It is evident that D values decreased as the MCT concentration increased for the hydrogen atoms of both [C₁₂MIM]Br and [C₁₆MIM]Br ILs. The average value follows the same trend, which is expected since a homogeneous system tends to diffuse equally. MCT is more viscous than the IL aqueous solutions; therefore, it is expected that the D values of ILs decrease when MCT is added to the systems. The single homogeneous phase of the systems that is characterized by the proportional decrease in D with the increasing concentration of MCT indicates that the components interact with each other.

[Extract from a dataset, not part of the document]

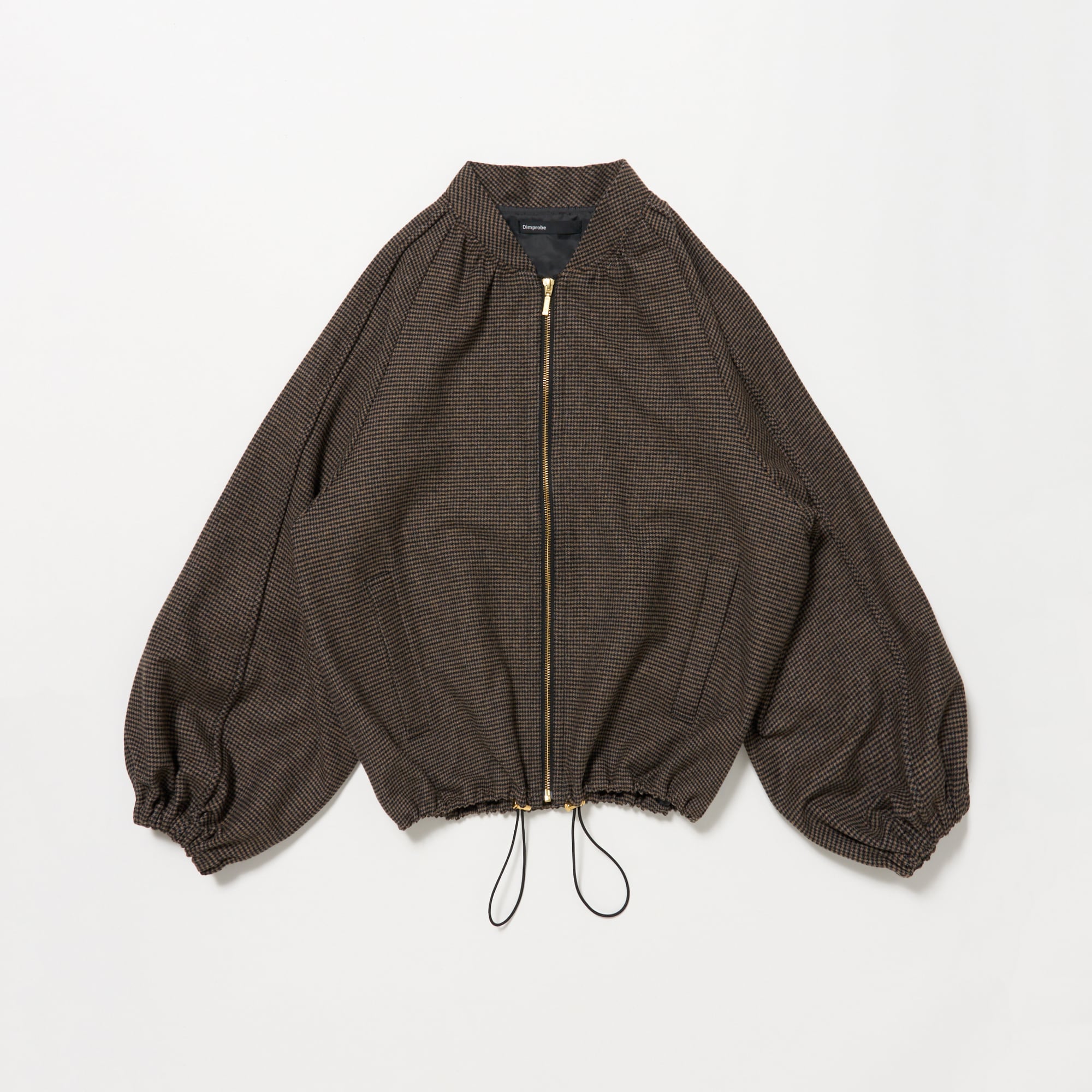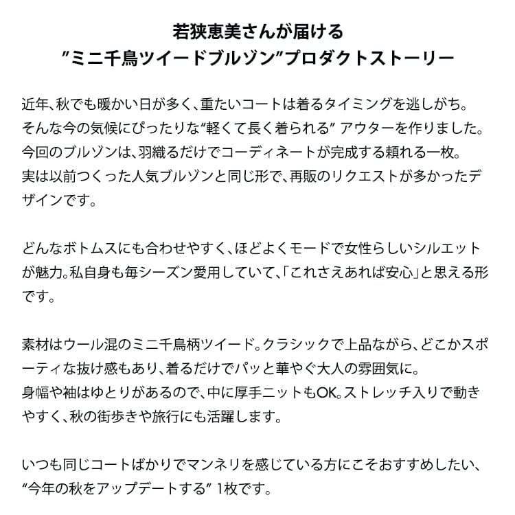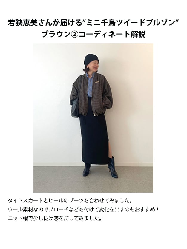 【予約販売】こちらはスタイリスト若狭恵美さんプロデュース、ミニ千鳥ツイードブルゾンのページです。カラーはブラウン・ブラックタイプです。

Otherwise, two phases would be formed because MCT is not soluble in water, and the chemical environment of the ILs would not be altered.

A similar methodology was used to determine the D values for both [C₁₂MIM]Br and [C₁₆MIM]Br in the presence and absence of fluconazole. H11, H31, H4, and H5 were monitored for all the molecules, while H22 and H26 were monitored for [C₁₂MIM]Br and [C₁₆MIM]Br. The obtained D values are shown in

Table 2. Diffusion coefficient (D × 10⁻¹³ m² s⁻¹) for [C₁₂MIM]Br and [C₁₆MIM]Br, and their mixtures with fluconazole.

	DH11	DH22	DH31	DH4,H5	Average (±SD)
[C12MIM]Br	9.06	9.04	8.89	8.81	8.95 (±0.10)
[C12MIM]Br + fluconazole	8.14	8.72	7.67	8.96	8.37 (±0.50)
	DH11	DH26	DH31	DH4.H5	Average (±SD)
[C16MIM]Br	5.13	4.96	4.72	6.06	5.22 (±0.51)
[C16MIM]Br + fluconazole	4.97	5.78	5.45	4.62	5.21 (±0.44)

. The DOSY curves for H22 ([C₁₂MIM]Br) and H26 ([C₁₆MIM]Br), both in the absence and presence of fluconazole are presented in Figure S34 in the Supplementary Materials.

The results showed that when fluconazole was added to the systems, the D values decreased, thus indicating a modification in the movement of the molecule; this was probably due to the establishment of intermolecular interactions between the ILs and fluconazole molecules. An increase in the D of H4 and H5 of [C₁₂MIM]Br was observed in the presence of fluconazole. This result suggests that these hydrogen atoms diffused more freely when fluconazole was added to the system. Presumably, the rearrangement of the IL molecules promoted by the encapsulation of fluconazole contributed to disruptions in the IL self-assembled micelles, which are stabilized by IL–IL intermolecular interactions in the aqueous environment. In contrast, it was found that in the case of [C₁₆MIM]Br, the D values for H26 and H31 increased in the presence of fluconazole, while H11, H4, and H5 decreased. These results show that despite the similarity in the IL structures, the encapsulation of fluconazole by the IL with a longer alkyl side chain, [C₁₆MIM]Br, resulted in a different behavior compared to the system stabilized by [C₁₂MIM]Br.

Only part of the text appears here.